The Dynamiter by Robert Louis Stevenson and Fanny Van de Grift Stevenson (1885). This was another slightly strange partial disappointment! It's a sequel to New Arabian Nights, loosely defined, and is more of a coherent whole than that book, with the stories all interlinked and revealing a single overarching plot by the end. It is about Fenian terrorism—hence the dynamite of the title—and the strange characters who get involved in it, and I think I never really got into the book's mood.

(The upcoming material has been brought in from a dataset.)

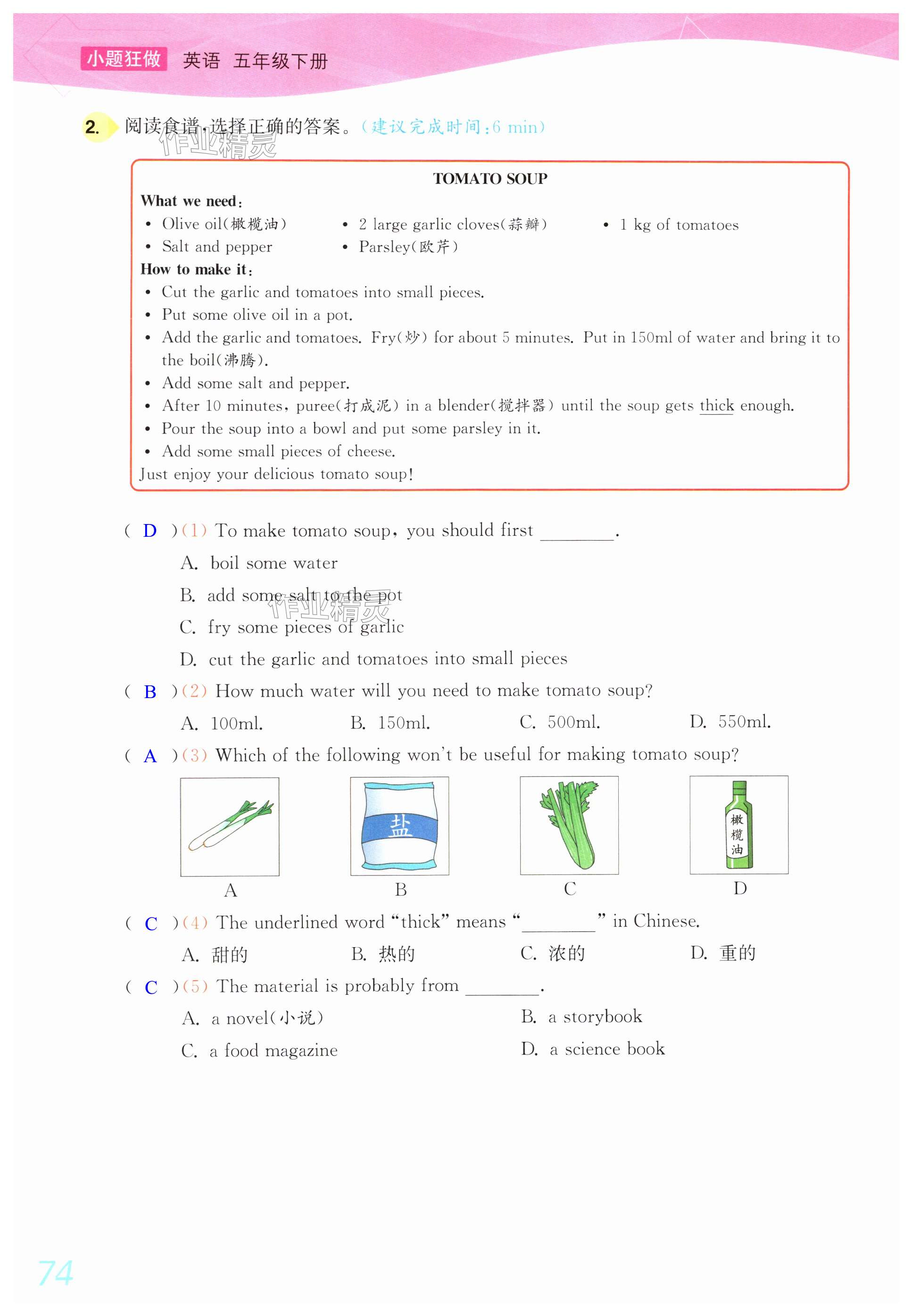 注:目前有些书本章节名称可能整理的还不是很完善,但都是按照顺序排列的,请同学们按照顺序仔细查找。练习册 2024年小题狂做培优作业本五年级英语下册译林版 答案主要是用来给同学们做完题方便对答案用的,请勿直接抄袭。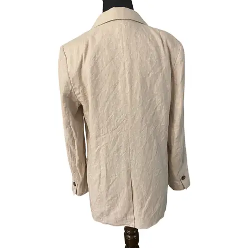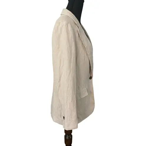 Classic beige lightweight linen-blend blazer by H&M. Single button front, flap pockets, fully lined... Show more

Either it can't quite make a definite statement in the detail the subject matter deserves, or decide how far it is a serious statement and how far a light-hearted satirical comedy, or I was missing too much of the social and political context to understand what the authors were saying. (Also I am slightly surprised, given his attitudes towards the Highlands in Kidnapped, to learn that RLS was apparently vehemently against Irish independence.) However, there are good things in it, especially its female characters: the book is in three parts, each of which could be summarised as, 'male protagonist meets a weird woman; she tells him her life story; drama and intrigue follow', and it is entertaining. Perhaps that's thanks to Fanny! At one point there's what looks like a parody of the 'sudden backstory Mormons' trope from e.g. A Study in Scarlet. Via the book's Wikipedia article I found this website, about an academic project using stylometry to analyse Louis's and Fanny's distinct writing styles and investigate the authorship of this book, which is fascinating. ([personal profile] sanguinity, have the Holmestice people ever tried doing this to identify anonymous exchange authors???) For myself I couldn't distinguish any obviously different writing styles, either while reading the book or after learning which bits of it each of them apparently wrote—probably partly because RLS's style is so versatile that it's difficult to tell what's different because it's a different author!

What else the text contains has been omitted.